Here is another way of stating it: if you have a function that takes arguments A and B and returns C, you can create a function that takes argument A, and returns a function that takes argument B and returns C. By calling this function with A, you then call the resulting function with B, and you get C. That is currying. Lets get back to factorials – here is the code the last post finished up with:

public delegate int SelfCallingFactorial(int x, SelfCallingFactorial self);

/// <summary>
/// Creating the factorial method inside the returned lambda resolves the garbage collection problem.
/// This solution does not involve a closure, so its pretty good. But...
/// </summary>
public class Solution03 : ISolution
{
   public Factorial MakeFactorialFunction()
   {
       return (int x1) =>
       {
           SelfCallingFactorial factorial = (int x, SelfCallingFactorial self) =>
           {
               return x < 2 ? 1 : x * self(x - 1, self);
           };

           return factorial(x1, factorial);
       };
   }
}

Its sort of annoying how I have to do all my work inside a lambda. I’ve had to do this for the last few solutions, ever since I introduced the idea of using self calling function. It would be great if the SelfCallingFactorial could return a Factorial (the delegate). That way I could just return the result directly, and I wouldn’t have to deal with the fact that I have two integer parameters running about (x and x1). This change can be achieved by using currying. Its somewhat tricky so I will do it in two steps. The first step is to perform the currying operation, making as few changes as possible, the second step will clean up, simplify and generalize. Here is the first part:

public delegate Factorial SelfCallingFactorial2(SelfCallingFactorial2 self);

/// <summary>
/// Apply a technique called currying. Now the self calling factorial function returns a factorial delegate.
/// </summary>
public class Solution04 : ISolution
{
   public Factorial MakeFactorialFunction()
   {
       return (int x1) =>
       {
           SelfCallingFactorial2 factorial = (SelfCallingFactorial2 self) =>
           {
               return (int x) =>
               {
                   return x < 2 ? 1 : x*self(self)(x-1);
               };
           };

           return factorial(factorial)(x1);
       };
   }
}

I had to modify the SelfCallingFactorial delegate. It no longer accepts an integer, instead it returns a Func<int,int> which I replaced with the Factorial delegate. You will notice I stuck a 2 on the end of the name, this is just to avoid clashes with previous delegate. This will get cleaned up in a second. Once the delegate was modified, I had to change the factorial function, and then its invocation. A side-by-side comparison might help:

Do you see how the sections in the boxes follow the same pattern, where instead of there being two arguments, there is just one argument, and then the result is invoked with the second argument?

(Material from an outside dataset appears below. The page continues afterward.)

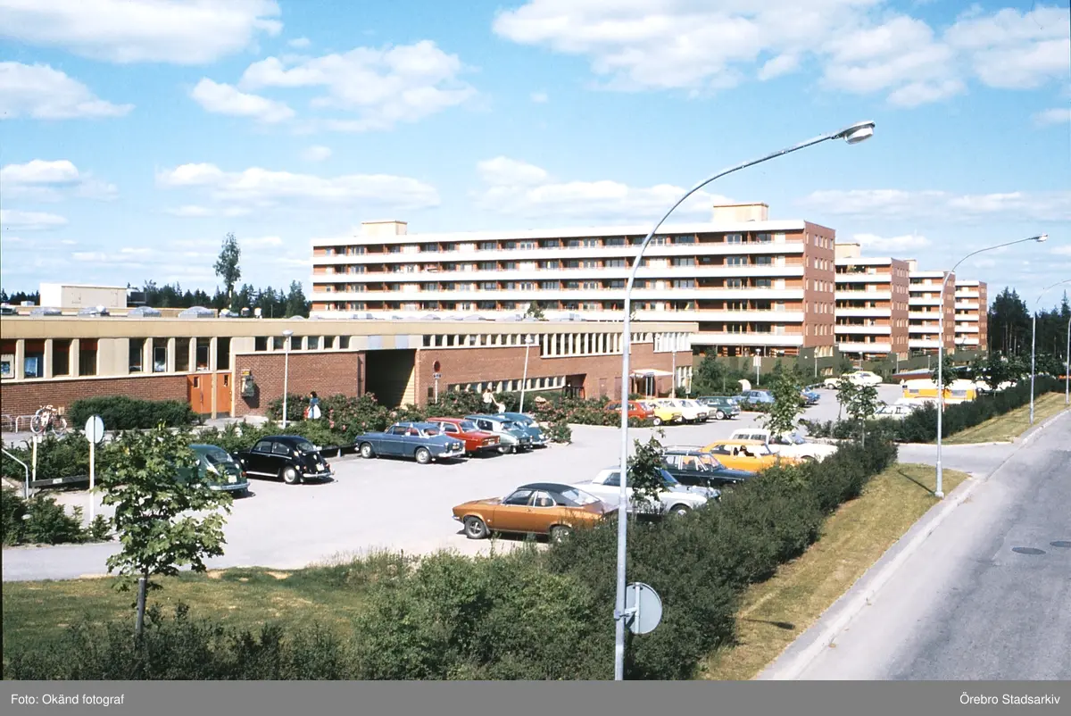 Parkering framför höghuset i Brickebackens centrum, 1990

Step two of this change is to take advantage of what I gained in step one. Now that the self calling factorial function returns a Factorial delegate, I don’t need to wrap the entire thing in a lambda – I can just return the result directly. I can also change the SelfCallingFactorial2 delegate to be generic. Ideally I could use it for other recursive algorithms such as Fibonacci. While I’m in cleanup mode, I want to rename the delegate to “SelfApplicable”. By doing this, I’ve changed the terminology somewhat – I’m using “applicable” instead of “calling”. I’ve done this because the delegate doesn’t actually “know” what the function is doing with the self argument. Its probably calling it, but perhaps its just inspecting its members? What the delegate can say is that the function is definitely applying itself to itself, because it takes itself as an argument, after all. This change also gets me closer to the code I’m aiming for in Mads’ post. So here is the result of applying these changes:

public delegate T SelfApplicable<T>(SelfApplicable<T> self);

/// <summary>
/// We can generalize the previous delegate to work with any function, and create SelfApplicable<T>.
/// I wish I could constrain T to be a delegate type but unfortunately it is not supported.
///
/// Because we removed the integer argument from the function, we no longer have to nest the entire body in
/// a lambda as we did in the previous step.
/// </summary>
public class Solution05 : ISolution
{
   public Factorial MakeFactorialFunction()
   {
       SelfApplicable<Factorial> factorial = (SelfApplicable<Factorial> self) =>
       {
           return (int x) =>
           {
               return x < 2 ? 1 : x * self(self)(x - 1);
           };
       };
      
       return factorial(factorial);
   }
}

Pretty neat huh! My only complaint with this code is that my factorial algorithm has this yucky self(self) business. Ideally I could refactor this out, so that the factorial algorithm is as readable as possible, and the tricky self calling nonsense is somewhere else. I shall pursue this in the next post.

Tuesday, 6 January 2009

Refactoring Towards the Y Combinator: Part 2

This is a multi-part series. Part 1. Part 2. Part 3. Part 4. Part 5. Part 6.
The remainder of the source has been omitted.